Duérmete, niño
Allá por el año 1984, Wes Craven apeló a la esquina más recóndita del subconsciente del ser humano al escribir y dirigir Pesadilla en Elm Street, eficaz propuesta de terror, variante slasher -ya saben, ese subgénero en el que un psicópata asesina uno a uno a un grupo de jóvenes-, convertida casi inmediatamente en un clásico moderno que más tarde fue degenerando en sucesivas secuelas cada vez más risibles.
Desde entonces, Freddy Krueger, el criminal protagonista que se introducía en los sueños de los chavales para acabar provocando una especie de muerte por inducción, es un auténtico icono popular que, a estas alturas, difícilmente puede causar pavor. Sin embargo, Samuel Bayer, reputado realizador de publicidad (Nike) y videoclips -el mítico Smells like teen spirit, de Nirvana-, ha compuesto con Pesadilla en Elm Street (El origen) una especie de remake con elementos de precuela que sigue manteniendo bastante bien la fuerza de la premisa original: el terror de los protagonistas a conciliar el sueño y, con ello, el probable impacto posterior en el imaginario del espectador. Bayer y sus guionistas han creado una película en la que desaparece por completo el sentido del humor, que contiene elementos más adultos que la original y en la que se produce una paradoja quizá trágica para sus creadores: que su historia provoca cierta desazón y un desolador agobio cuando los chicos están despiertos, pero que, dormidos estos, es aparecer Freddy en sus pesadillas y se acabó el horror, ejerciendo las escenas oníricas de verdadero coitus interruptus.

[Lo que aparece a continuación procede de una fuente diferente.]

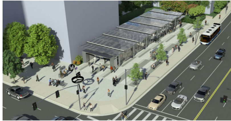
Purple Line 2 Station

Based on the existing demographics, each station was categorized according to the aforementioned CTOD/FTA typology defined largely in terms of TOD amenability and TOD density guidelines. To develop the TOD buildout scenario for each station, the existing densities for residential and commercial zones were increased to reach the higher recommended TOD density (specifically, recommended residential dwelling units/acre and commercial FAR) for that category. In general, where additional land is required to accommodate the new density, industrial zones (and vacant land, where available) were converted to residential and commercial uses. For each station, both general plans and specific plans for local jurisdictions were consulted for specific land use and zoning guidelines. With few exceptions, the TOD densities applied were within the maximum density allowed by the localities for a given land use and zoning specification.
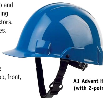
A1 Advent Helmet (with 2-point chinstrap)

Bayer olvida las sutilezas del género y se equivoca con la sobreexposición del cuerpo y el rostro de Krueger, mientras la escenificación del crimen no puede ser más indolente. En cambio, a la hora de explicar el origen del personaje, tanto el guión como la puesta en escena de Bayer resultan estimables, sobre todo por ese elemento casi de cine social que conlleva el germen del conflicto. De modo que el espanto causado por las terribles -y palpables- experiencias infantiles y su estimulado olvido adquiere mayor eficacia que los probables -y etéreos- acontecimientos en situaciones alucinatorias.
Una virtud que, sin embargo, se ve perjudicada por la corrección política impuesta en parte de su desenlace: inocencia y culpabilidad son circunstancias que, llegado el caso, pueden ejercer de helador efecto a contracorriente, pero a los creadores les ha faltado atrevimiento.